ICDAR 2015 Official Website | Download Link
Note: Please register an account to download this dataset.
ICDAR 2015 Challenge has three tasks. Task 1 is Text Localization. Task 3 is Word Recognition. Task 4 is End-to-end Text Spotting. Task 2 Text Segmentation is not available.
The four files downloaded for task 1 are
ch4_training_images.zip
ch4_training_localization_transcription_gt.zip
ch4_test_images.zip
Challenge4_Test_Task1_GT.zip
The three files downloaded for task 3 are
ch4_training_word_images_gt.zip
ch4_test_word_images_gt.zip
Challenge4_Test_Task3_GT.txt
The three files are only needed for training word recognition models. Training text detection models does not require the three files.

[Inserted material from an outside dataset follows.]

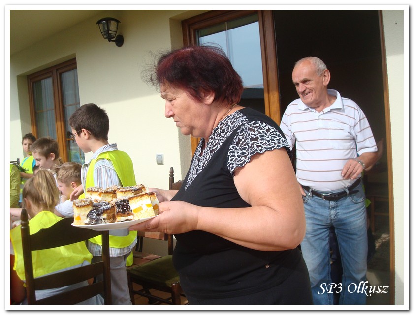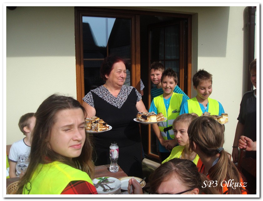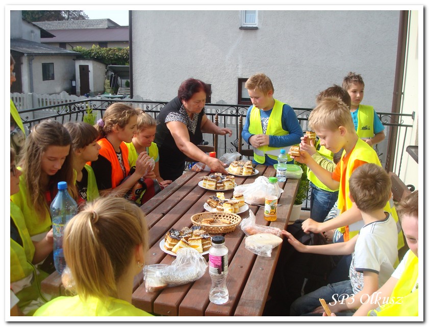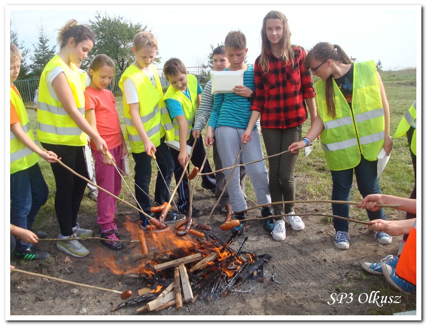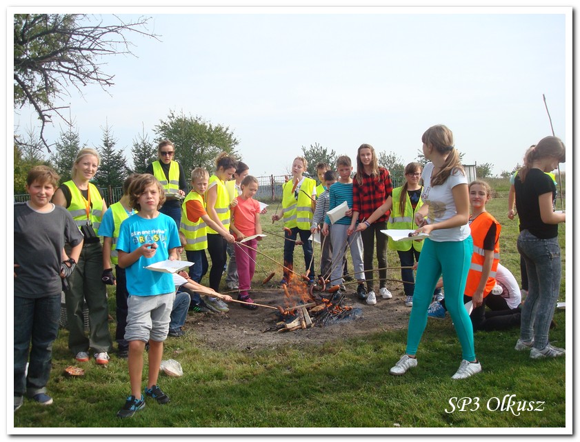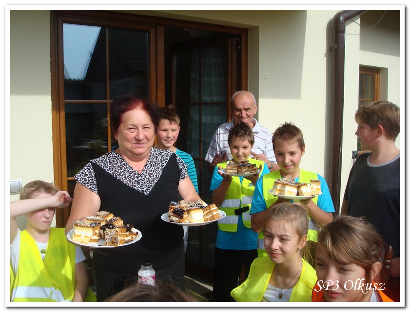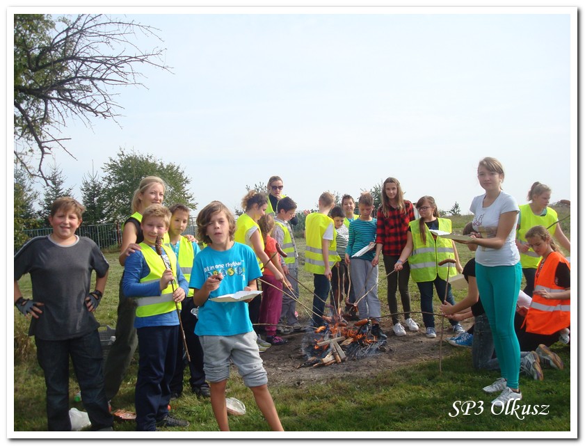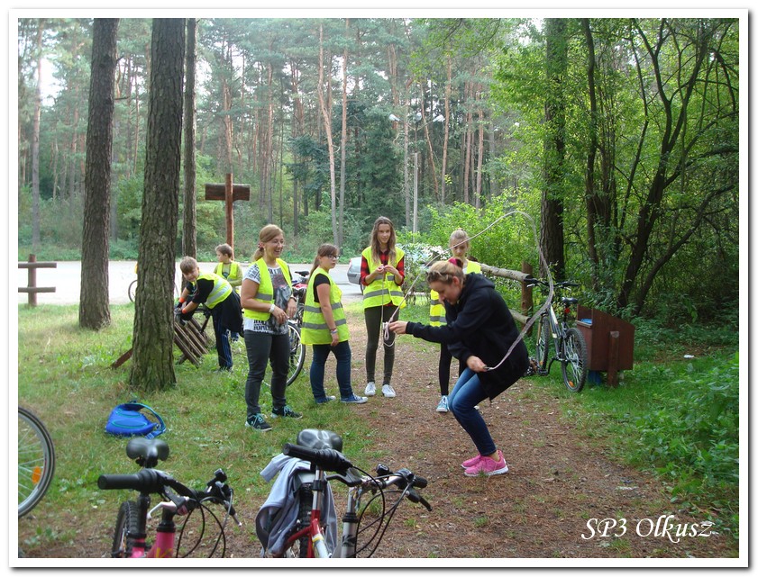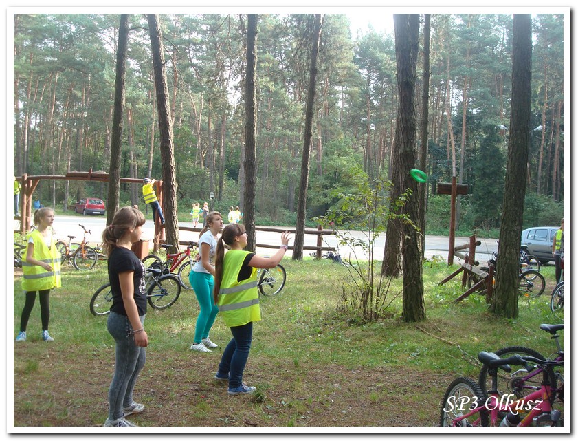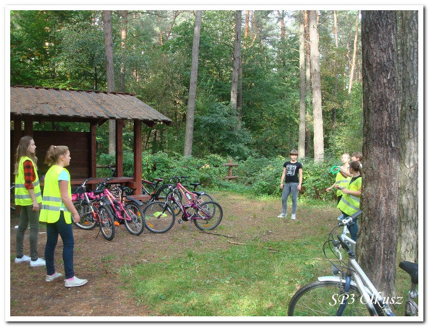 Mimo, że blisko to ciekawie, bo nikt nigdy nie był, nie widział albo był dawno i nie pamięta, a z grupą w sumie przyjemniej niż w mniejszym gronie. Pogoda przepiękna, leśne dróżki w miarę proste, a las jak ze snu. Wymarzona trasa na niedzielne przejażdżki, na które niestety brakuje czasu. Niektóre osoby chcą jechać szybko, ktoś inny zbyt wolno i trzeba czekać. Malownicze widoki lasów mieszanych koją spocone ciała, dają wytchnienie, ale tylko na chwilę. Dalej trzeba jechać. Nikt się nie złości jeśli trzeba zwolnić, zatrzymać się, poczekać. Grupa jest zgrana i odpowiedzialna. Wszyscy mają jeden cel: dojechać szczęśliwie i wrócić. I znów pod górkę, i dalej polaną. Ktoś schodzi z roweru, ktoś inny próbuje swych sił. I dalej przed siebie. Trzeba się poświęcić, a widoki rekompensują każdy wysiłek. Teraz znów równo, polną drogą, na szczęście nie pod górkę, trochę kamieni, piasek utrudnia przejazd, ale solidarnie razem. Ktoś zwolnił... - To ja dotrzymam mu kroku! – Poczekajmy! – słyszały często opiekunki z ust uczestników. Niewątpliwie lekcje wychowawcze o tolerancji, pomaganiu słabszym, nie wyśmiewaniu się, gdy coś komuś nie wychodzi, najwyraźniej przynoszą widoczne efekty w olkuskiej szkole. W tym czasie chwilka dla ducha i ciała na cudnej leśnej polanie. I znowu w drogę. I dalej niestrudzeni rajdowcy pokonywali trasę w kierunku Kogutka. A tam miejsce leśne jak zaczarowane zaprasza na zacienione ławki aby odpocząć. Urokliwe stare drzewa i cudowne liście jesienne pod nimi. Po regeneracyjnym dostarczeniu płynów spragnionym organizmom, dzieci jeszcze relaksowały się w czasie zabaw rekreacyjnych. Gra w piłkę, pokonywanie w sztafecie wyścigu rowerowego w slalomie, w który włączyły się opiekunki, skakanie na skakankach, frisbee na tle przyrody dostarczyły niezwykłych wrażeń i z pewnością zbliżyły do siebie dzieci. Dobra zabawa, salwy śmiechu, piękne widoki – to najczęstsze słowa, które pojawiały się na ustach uczestników Odblaskowego Rajdu Rowerowego, który dzieci nazwały Rajdem „Oskarowym" ze względu na wydarzenia mu towarzyszące. Trasa powrotna prowadziła ponownie przez Zimnodół, gdyż wspaniała Rodzina Państwa Sygułów zaprosiła wszystkich uczestników rajdu na pieczenie kiełbasek oraz niebywale przepyszne łakocie w postaci wspaniałych wypieków, którymi zarówno dzieci jak i ich opiekunki były zachwycone. Udostępniono toalety w domu, taras i miejsce na łące. Wdzięczności wręcz nie można było wyrazić słowami, bo jeśli wszystkie słowa nie są w stanie wyrazić wdzięczności, jest jedno, krótkie, skromne: DZIĘKUJEMY!!! W doskonałych humorach, z pełnymi brzuszkami i w świetnej kondycji uczestnicy wyjazdu musieli wracać. Zapowiedzieli jednak swoim opiekunkom, że to nie ostatnia ich wyprawa rowerowa!

The nine files downloaded for task 4 are the union of the four files in the text localization task (task 1) and five vocabulary files
ch4_training_vocabulary.txt
ch4_training_vocabularies_per_image.zip
ch4_test_vocabulary.txt
ch4_test_vocabularies_per_image.zip
GenericVocabulary.txt
If you download a file named Challenge4_Test_Task4_GT.zip
, please note that it is the same file as Challenge4_Test_Task1_GT.zip
, except for its name. In this repository, we will use Challenge4_Test_Task4_GT.zip
for ICDAR2015 dataset.
After downloading the icdar2015 dataset, place all the files under [path-to-data-dir]
folder:
path-to-data-dir/
ic15/
ch4_test_images.zip
ch4_test_vocabularies_per_image.zip
ch4_test_vocabulary.txt
ch4_training_images.zip
ch4_training_localization_transcription_gt.zip
ch4_training_vocabularies_per_image.zip
ch4_training_vocabulary.txt
Challenge4_Test_Task4_GT.zip
GenericVocabulary.txt
ch4_test_word_images_gt.zip
ch4_training_word_images_gt.zip
Challenge4_Test_Task3_GT.zip